Ship Type Classification by Convolutional Neural Networks with Auditory-like Mechanisms

Affiliations

Ship Type Classification by Convolutional Neural Networks with Auditory-like Mechanisms

Sheng Shen et al. Sensors (Basel). .

Abstract

Ship type classification with radiated noise helps monitor the noise of shipping around the hydrophone deployment site. This paper introduces a convolutional neural network with several auditory-like mechanisms for ship type classification. The proposed model mainly includes a cochlea model and an auditory center model. In cochlea model, acoustic signal decomposition at basement membrane is implemented by time convolutional layer with auditory filters and dilated convolutions. The transformation of neural patterns at hair cells is modeled by a time frequency conversion layer to extract auditory features.

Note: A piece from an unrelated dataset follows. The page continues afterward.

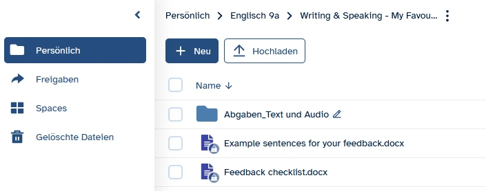 Die Lehrkraft legt in ByCS-Drive einen gemeinsamen Ordner oder Space an (z. B. „Writing & Speaking – My Favourite Place“) und formuliert eine klare Aufgabenstellung: Describe your favourite place in a text (about 250 words) and record your text.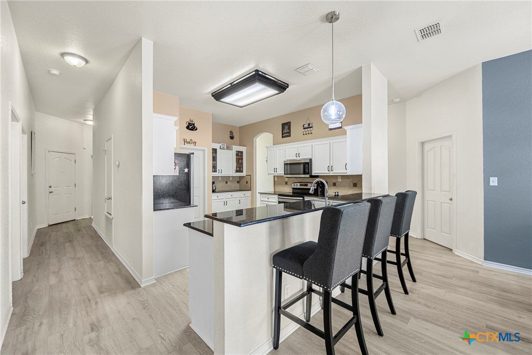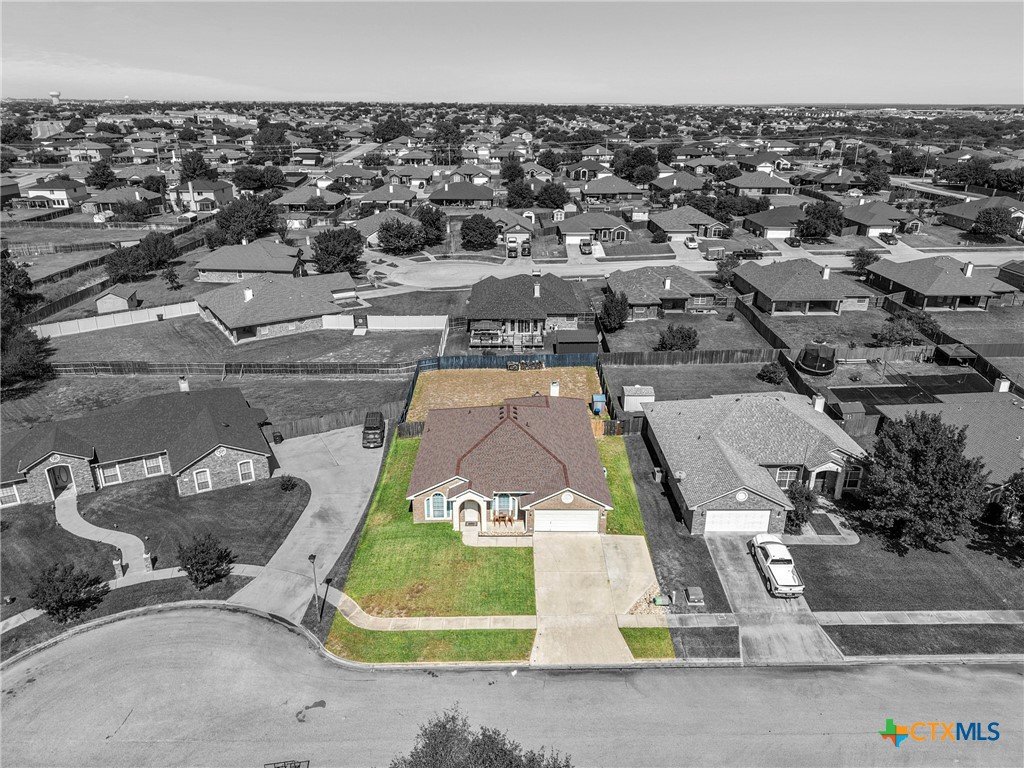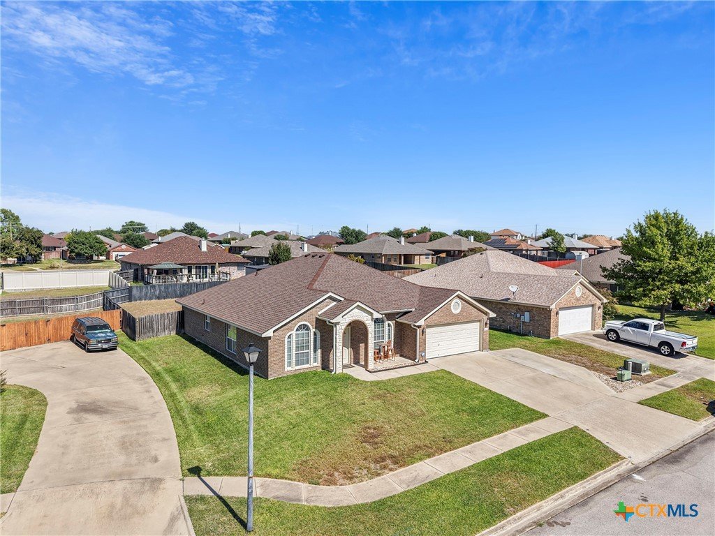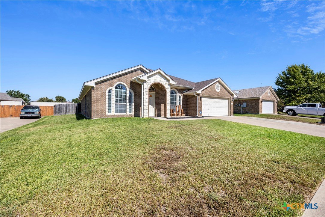 This immaculate home is located within a well-maintained, established community adjacent to Harker Heights, TX. The residence features three bedrooms and a study, two bathrooms, a two-car garage and nearly 2300 square feet. Upon entry, a formal dining room and living area are located to your left, across the hall you will see the study with french doors. The floor plan incorporates a wrap-around concept with a split layout. Down the hallway, the primary bedroom is to your left. The main bathroom includes a separate shower, a garden tub. The kitchen is located on the right. It features freshly painted cabinets and an oversized pantry. The living room opposite has a wood-burning fireplace and secure mantel. Returning to the hallway, you will find two bedrooms on the left, with a bathroom directly behind the study with a linen closet, leading back towards the front of the home. The backyard features an extended patio area, fully fenced and a generously sized, cul-de-sac lot and is move-in-ready! The sellers have made the updates to include: new carpet and laminate throughout, new lighting in the kitchen and dining rooms, new kitchen and bathroom faucets, fresh paint on the cabinets and baseboards throughout, new slab addition on the driveway and new extended patio on the back, newer appliances and a new microwave. Grass installed in the front in October of 2024. The sellers have taken excellent care of this home and it shows! Call your favorite realtor for an appointment today or text me for a private viewing.

In the auditory center model, auditory features are first selectively emphasized in a supervised manner. Then, spectro-temporal patterns are extracted by deep architecture with multistage auditory mechanisms. The whole model is optimized with an objective function of ship type classification to form the plasticity of the auditory system. The contributions compared with an auditory inspired convolutional neural network include the improvements in dilated convolutions, deep architecture and target layer. The proposed model can extract auditory features from a raw hydrophone signal and identify types of ships under different working conditions. The model achieved a classification accuracy of 87.2% on four ship types and ocean background noise.

Keywords: machine learning; neural network; ship radiated noise; underwater acoustics.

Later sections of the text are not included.